■ REQUIRED WORK ■
For the records below, please print exactly and only the lines from the one with "府部門展開深度對話。針對塑膠" down to the one with "s pokretnim crtežima", both ends included, omitting the pictures.

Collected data
______________________________
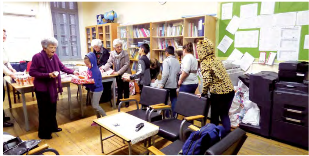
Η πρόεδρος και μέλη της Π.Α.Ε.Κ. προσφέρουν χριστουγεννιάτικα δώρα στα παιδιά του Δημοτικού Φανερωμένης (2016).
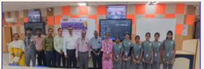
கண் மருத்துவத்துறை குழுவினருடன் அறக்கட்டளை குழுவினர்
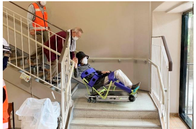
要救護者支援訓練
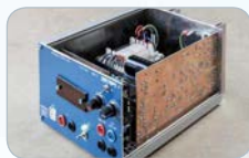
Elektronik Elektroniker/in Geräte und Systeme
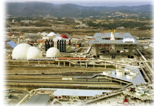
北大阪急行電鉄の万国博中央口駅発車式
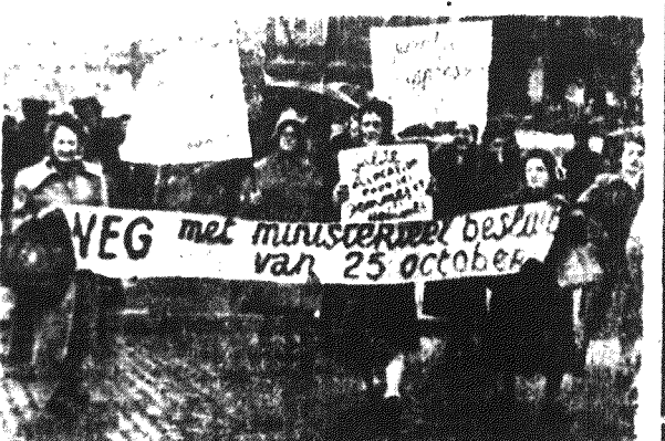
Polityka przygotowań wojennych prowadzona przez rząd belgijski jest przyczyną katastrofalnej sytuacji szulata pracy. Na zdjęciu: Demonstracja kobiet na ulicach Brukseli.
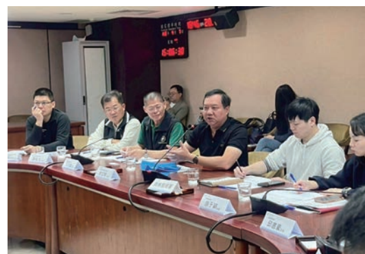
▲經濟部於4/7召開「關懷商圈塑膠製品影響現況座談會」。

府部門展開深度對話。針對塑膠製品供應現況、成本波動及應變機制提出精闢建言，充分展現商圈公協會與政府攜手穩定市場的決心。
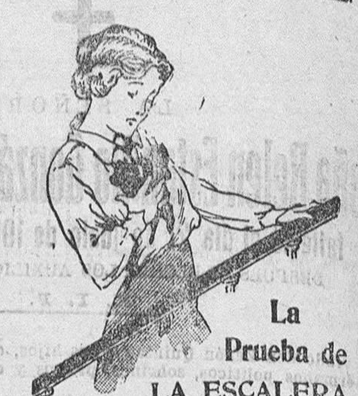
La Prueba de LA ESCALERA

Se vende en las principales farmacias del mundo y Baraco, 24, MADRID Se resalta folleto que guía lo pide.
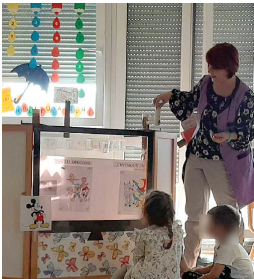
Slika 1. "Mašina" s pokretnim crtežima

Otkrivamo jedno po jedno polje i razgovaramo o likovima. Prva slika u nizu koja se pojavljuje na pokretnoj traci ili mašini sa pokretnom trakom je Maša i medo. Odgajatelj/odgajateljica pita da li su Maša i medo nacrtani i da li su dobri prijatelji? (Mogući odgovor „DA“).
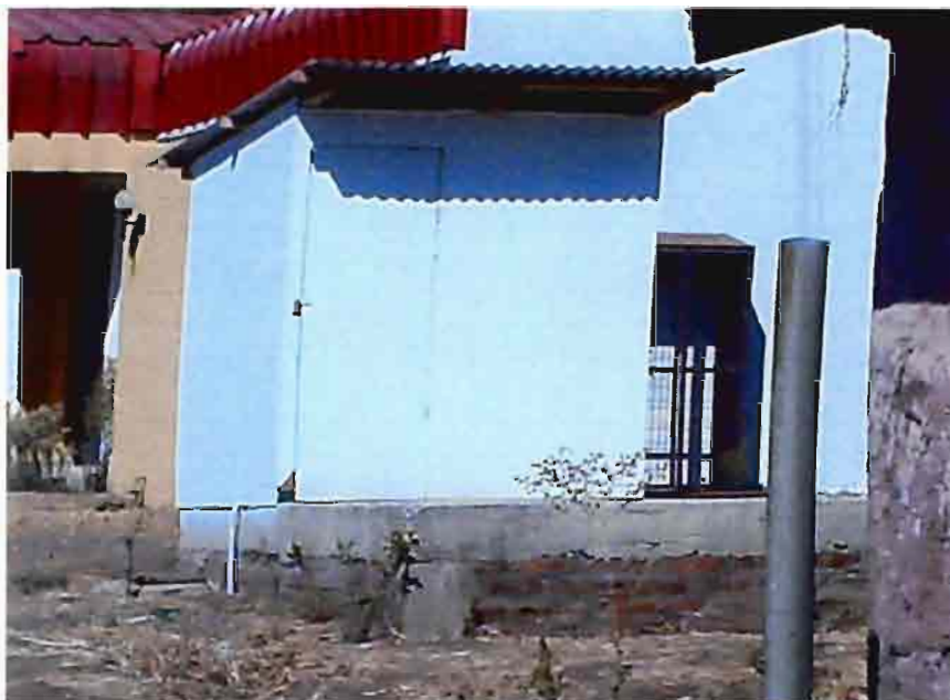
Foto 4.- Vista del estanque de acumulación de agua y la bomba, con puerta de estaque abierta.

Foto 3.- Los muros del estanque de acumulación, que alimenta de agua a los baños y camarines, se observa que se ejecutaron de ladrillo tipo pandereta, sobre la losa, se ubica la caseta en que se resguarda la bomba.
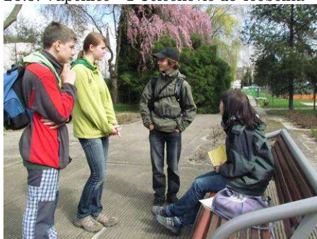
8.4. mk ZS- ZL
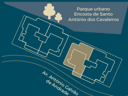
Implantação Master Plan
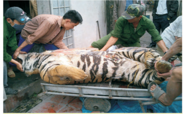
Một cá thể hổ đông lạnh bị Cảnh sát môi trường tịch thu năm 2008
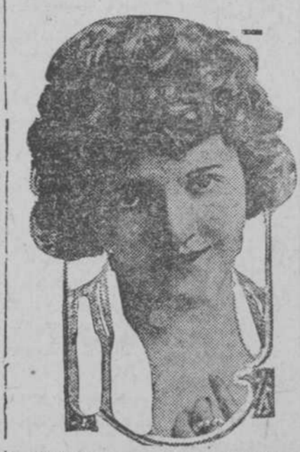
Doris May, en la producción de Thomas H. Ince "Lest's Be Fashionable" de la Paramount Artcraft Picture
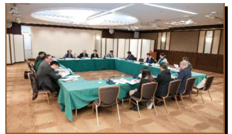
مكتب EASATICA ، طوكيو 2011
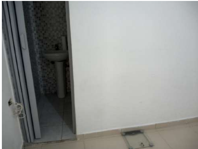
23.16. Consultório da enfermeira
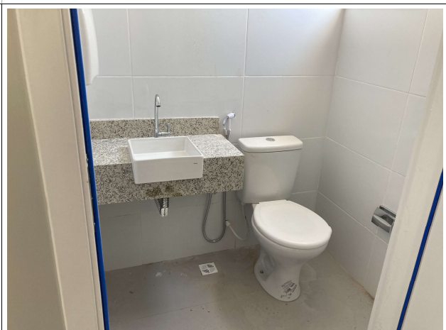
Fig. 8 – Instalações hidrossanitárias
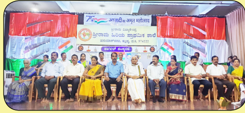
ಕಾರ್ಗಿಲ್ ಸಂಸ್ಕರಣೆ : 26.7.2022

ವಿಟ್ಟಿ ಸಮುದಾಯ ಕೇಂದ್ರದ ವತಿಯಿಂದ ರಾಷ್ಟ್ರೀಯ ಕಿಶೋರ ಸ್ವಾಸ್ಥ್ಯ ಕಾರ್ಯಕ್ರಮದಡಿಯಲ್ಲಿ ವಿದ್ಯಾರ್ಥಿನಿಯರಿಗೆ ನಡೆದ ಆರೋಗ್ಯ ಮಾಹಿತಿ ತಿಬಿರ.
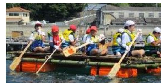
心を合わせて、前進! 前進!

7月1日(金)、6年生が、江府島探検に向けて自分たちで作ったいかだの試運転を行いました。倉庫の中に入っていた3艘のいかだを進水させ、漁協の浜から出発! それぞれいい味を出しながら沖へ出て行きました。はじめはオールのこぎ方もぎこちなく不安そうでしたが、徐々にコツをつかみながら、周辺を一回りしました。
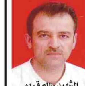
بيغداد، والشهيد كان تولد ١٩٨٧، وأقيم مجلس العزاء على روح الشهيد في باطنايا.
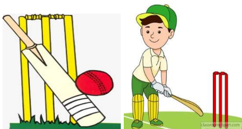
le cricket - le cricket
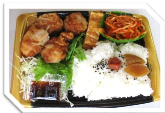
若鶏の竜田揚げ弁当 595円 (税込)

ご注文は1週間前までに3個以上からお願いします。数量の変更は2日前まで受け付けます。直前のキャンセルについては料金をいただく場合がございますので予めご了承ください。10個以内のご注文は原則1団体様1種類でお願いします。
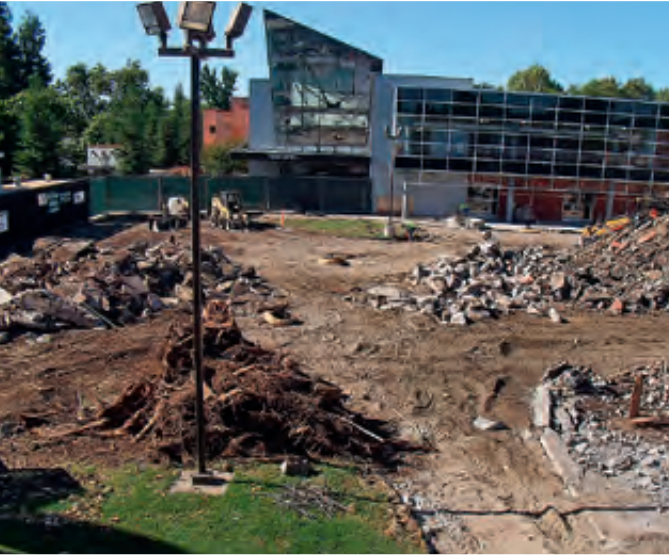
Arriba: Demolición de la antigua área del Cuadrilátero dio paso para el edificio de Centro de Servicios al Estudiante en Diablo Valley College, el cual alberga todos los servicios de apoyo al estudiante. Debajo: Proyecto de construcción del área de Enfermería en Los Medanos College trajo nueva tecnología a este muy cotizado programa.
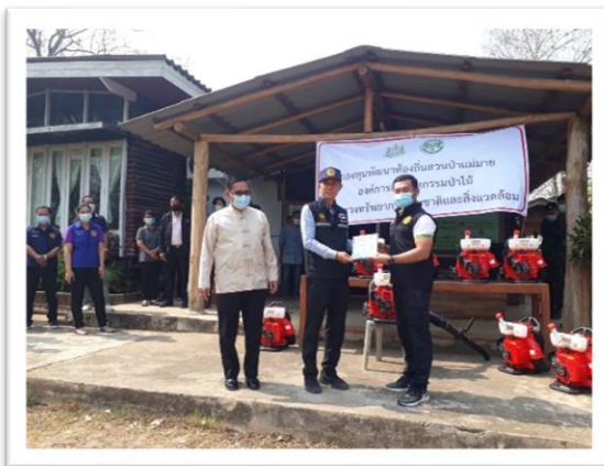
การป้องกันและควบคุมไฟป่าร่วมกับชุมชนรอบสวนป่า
______________________________
■ ANSWER TO THIS PROBLEM ■
府部門展開深度對話。針對塑膠製品供應現況、成本波動及應變機制提出精闢建言，充分展現商圈公協會與政府攜手穩定市場的決心。
La Prueba de LA ESCALERA

Se vende en las principales farmacias del mundo y Baraco, 24, MADRID Se resalta folleto que guía lo pide.
Slika 1. "Mašina" s pokretnim crtežima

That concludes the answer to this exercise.